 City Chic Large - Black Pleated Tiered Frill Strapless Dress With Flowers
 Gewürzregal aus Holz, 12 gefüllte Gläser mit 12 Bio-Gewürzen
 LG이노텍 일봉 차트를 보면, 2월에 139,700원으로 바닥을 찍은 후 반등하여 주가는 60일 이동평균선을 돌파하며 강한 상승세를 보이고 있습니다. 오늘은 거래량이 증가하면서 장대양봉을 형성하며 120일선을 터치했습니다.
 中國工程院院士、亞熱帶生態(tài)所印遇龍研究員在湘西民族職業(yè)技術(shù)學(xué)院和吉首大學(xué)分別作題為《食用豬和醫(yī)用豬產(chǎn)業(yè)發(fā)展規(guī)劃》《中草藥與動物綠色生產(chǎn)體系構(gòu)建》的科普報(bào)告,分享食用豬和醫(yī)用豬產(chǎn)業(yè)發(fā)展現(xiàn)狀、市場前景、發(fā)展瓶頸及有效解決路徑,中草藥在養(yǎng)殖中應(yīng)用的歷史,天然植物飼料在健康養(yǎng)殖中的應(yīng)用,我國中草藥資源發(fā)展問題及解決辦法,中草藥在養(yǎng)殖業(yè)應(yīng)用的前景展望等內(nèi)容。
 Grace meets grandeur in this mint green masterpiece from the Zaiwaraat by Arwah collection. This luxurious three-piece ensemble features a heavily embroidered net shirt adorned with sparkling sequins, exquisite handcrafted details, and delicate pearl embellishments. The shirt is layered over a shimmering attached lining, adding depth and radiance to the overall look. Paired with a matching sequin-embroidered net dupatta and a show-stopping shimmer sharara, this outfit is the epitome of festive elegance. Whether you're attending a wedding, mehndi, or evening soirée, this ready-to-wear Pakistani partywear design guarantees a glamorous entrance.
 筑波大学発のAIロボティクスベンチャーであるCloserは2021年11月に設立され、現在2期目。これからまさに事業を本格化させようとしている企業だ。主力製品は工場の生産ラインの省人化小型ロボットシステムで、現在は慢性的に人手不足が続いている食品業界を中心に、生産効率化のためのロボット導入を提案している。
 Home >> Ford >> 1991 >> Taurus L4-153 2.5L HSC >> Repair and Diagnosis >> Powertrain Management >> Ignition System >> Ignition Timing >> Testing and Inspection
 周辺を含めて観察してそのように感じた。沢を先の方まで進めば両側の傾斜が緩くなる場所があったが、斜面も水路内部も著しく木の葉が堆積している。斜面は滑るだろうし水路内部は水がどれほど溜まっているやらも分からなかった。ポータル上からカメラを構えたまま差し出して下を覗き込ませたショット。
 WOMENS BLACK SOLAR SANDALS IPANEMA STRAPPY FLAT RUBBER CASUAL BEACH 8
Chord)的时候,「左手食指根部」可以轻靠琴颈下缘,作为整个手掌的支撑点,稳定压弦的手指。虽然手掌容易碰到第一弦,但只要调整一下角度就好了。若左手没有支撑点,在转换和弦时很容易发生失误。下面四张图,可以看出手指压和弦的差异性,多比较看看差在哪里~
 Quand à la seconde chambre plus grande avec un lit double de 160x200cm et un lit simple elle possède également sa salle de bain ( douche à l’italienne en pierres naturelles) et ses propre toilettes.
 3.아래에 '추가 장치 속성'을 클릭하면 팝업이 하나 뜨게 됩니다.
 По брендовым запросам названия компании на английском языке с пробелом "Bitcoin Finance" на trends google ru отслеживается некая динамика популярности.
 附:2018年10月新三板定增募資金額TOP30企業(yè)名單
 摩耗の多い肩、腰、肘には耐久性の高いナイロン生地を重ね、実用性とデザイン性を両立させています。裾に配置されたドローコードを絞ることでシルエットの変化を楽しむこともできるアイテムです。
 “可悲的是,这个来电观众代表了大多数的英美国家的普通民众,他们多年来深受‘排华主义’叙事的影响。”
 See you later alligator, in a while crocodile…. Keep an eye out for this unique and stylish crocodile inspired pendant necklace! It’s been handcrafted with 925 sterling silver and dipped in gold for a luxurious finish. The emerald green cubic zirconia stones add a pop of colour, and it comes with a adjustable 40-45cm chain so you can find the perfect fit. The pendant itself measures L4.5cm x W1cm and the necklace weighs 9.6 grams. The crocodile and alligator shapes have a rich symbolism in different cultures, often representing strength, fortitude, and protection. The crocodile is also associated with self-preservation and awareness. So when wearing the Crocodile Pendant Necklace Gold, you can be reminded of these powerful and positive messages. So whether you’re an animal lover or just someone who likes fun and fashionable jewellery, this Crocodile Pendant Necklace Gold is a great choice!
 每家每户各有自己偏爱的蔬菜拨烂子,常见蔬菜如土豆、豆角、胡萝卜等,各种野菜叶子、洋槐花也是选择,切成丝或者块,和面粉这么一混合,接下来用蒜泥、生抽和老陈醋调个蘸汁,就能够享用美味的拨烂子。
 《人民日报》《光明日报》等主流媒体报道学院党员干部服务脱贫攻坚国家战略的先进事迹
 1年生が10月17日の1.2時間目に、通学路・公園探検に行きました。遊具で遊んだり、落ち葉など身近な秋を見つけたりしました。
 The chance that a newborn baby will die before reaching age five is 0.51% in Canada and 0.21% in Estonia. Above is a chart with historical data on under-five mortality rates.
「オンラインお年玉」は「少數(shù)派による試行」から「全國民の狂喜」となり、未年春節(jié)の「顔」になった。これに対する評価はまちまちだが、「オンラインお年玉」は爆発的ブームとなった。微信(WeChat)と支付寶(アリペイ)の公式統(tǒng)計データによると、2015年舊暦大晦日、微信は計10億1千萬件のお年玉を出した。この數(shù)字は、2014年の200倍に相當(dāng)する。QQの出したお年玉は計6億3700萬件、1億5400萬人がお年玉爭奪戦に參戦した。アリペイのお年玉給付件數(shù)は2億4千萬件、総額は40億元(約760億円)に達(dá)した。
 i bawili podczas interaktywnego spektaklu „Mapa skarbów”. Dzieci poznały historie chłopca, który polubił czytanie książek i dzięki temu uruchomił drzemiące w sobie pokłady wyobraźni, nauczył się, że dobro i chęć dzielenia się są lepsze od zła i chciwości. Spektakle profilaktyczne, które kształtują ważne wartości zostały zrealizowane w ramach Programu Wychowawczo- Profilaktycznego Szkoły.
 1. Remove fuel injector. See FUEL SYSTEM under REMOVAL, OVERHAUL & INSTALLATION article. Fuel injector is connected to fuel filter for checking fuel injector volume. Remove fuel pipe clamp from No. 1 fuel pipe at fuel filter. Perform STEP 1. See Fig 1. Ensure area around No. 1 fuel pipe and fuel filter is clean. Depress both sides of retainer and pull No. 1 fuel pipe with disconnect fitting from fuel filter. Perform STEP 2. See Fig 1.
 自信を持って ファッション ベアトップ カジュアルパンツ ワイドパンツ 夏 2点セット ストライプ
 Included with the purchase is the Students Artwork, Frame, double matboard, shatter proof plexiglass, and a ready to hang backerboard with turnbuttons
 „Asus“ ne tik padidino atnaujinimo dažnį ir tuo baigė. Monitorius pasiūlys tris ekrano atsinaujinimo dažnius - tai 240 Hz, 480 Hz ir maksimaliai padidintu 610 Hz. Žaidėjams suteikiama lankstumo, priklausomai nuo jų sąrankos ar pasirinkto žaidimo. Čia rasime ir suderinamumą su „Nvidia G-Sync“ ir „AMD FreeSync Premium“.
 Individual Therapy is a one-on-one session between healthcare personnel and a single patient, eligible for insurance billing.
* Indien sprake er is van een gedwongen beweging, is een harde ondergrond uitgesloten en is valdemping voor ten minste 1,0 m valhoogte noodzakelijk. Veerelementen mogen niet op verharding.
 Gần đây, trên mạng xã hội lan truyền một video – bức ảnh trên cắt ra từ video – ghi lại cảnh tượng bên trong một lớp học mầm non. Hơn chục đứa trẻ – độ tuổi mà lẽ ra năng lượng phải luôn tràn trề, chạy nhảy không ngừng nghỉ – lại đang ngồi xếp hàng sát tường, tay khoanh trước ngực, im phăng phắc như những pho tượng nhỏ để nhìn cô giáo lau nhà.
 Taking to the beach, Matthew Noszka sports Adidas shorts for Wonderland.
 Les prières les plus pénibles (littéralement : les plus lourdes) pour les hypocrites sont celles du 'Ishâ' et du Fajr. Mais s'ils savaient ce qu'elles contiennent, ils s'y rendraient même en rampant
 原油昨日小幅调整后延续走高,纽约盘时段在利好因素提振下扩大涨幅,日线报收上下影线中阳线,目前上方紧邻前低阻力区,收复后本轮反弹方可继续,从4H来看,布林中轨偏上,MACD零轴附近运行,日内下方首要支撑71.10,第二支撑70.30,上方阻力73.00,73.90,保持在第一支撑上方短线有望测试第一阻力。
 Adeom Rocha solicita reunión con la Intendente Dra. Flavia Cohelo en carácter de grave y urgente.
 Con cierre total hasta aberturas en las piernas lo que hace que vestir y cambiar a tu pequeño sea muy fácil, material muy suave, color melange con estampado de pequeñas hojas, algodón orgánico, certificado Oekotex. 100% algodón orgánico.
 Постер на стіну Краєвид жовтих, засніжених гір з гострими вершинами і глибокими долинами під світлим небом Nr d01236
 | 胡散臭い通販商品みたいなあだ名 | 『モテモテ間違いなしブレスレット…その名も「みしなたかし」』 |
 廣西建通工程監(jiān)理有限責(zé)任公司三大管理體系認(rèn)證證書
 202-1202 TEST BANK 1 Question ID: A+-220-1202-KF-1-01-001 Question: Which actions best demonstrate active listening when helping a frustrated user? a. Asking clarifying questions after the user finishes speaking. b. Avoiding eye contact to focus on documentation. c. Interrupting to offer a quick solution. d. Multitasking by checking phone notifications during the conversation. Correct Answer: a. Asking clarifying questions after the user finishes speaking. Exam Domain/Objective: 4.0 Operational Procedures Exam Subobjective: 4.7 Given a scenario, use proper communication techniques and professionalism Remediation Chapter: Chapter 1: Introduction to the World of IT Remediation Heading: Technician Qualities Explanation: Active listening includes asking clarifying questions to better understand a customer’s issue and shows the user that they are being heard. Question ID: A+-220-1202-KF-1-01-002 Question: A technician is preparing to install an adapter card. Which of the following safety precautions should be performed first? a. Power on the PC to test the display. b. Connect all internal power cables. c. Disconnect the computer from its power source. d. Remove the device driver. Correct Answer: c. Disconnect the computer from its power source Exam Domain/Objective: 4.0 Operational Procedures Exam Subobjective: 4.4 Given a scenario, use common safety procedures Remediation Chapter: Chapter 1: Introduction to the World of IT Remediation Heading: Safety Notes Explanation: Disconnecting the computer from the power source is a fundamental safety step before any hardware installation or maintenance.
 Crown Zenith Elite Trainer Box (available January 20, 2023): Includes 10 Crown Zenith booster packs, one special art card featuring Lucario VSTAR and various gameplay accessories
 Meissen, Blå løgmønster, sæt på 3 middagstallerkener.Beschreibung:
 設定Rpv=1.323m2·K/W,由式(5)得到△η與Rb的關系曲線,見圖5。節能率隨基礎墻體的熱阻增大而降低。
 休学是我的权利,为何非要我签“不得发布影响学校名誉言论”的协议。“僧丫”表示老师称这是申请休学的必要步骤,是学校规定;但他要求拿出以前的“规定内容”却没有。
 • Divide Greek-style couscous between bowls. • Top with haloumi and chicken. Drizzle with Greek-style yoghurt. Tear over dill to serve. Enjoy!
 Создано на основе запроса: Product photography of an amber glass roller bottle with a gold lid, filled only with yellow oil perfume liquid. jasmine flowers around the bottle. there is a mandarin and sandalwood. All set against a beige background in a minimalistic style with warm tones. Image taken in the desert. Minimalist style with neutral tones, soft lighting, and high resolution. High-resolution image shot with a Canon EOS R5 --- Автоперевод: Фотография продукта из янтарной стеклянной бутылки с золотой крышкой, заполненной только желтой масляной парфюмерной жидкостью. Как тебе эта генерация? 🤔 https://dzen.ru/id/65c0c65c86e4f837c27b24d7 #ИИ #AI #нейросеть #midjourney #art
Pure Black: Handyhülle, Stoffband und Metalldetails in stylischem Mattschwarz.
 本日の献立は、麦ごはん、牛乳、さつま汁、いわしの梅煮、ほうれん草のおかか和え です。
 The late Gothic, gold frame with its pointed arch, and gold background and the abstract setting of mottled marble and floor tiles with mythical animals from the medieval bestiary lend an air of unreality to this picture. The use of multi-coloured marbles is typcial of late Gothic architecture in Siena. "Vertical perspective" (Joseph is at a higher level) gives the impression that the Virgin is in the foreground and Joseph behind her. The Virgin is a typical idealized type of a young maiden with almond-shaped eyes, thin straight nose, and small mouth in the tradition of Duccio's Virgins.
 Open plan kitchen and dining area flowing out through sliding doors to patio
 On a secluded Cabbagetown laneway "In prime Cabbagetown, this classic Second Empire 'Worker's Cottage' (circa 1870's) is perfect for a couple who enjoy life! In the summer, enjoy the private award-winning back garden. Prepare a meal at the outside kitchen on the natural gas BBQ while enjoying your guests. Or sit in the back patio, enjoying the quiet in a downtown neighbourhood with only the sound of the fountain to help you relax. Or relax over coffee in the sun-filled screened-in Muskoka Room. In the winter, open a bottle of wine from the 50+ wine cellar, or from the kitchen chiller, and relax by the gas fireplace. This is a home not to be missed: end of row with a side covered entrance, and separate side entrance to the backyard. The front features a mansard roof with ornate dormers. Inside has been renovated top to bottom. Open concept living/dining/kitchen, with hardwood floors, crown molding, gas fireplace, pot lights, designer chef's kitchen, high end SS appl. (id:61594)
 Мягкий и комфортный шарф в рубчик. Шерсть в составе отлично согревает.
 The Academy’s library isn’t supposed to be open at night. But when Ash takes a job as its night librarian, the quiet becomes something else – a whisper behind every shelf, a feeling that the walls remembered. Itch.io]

=-=-=-=-=

#### [ACTIVITY]
Reproduce the listing word for word from its first line up to and including the line with "LG이노텍 일봉 차트를". Give no other lines.

#### [REPLY TO THE EXERCISE]
 City Chic Large - Black Pleated Tiered Frill Strapless Dress With Flowers
 Gewürzregal aus Holz, 12 gefüllte Gläser mit 12 Bio-Gewürzen
 LG이노텍 일봉 차트를 보면, 2월에 139,700원으로 바닥을 찍은 후 반등하여 주가는 60일 이동평균선을 돌파하며 강한 상승세를 보이고 있습니다. 오늘은 거래량이 증가하면서 장대양봉을 형성하며 120일선을 터치했습니다.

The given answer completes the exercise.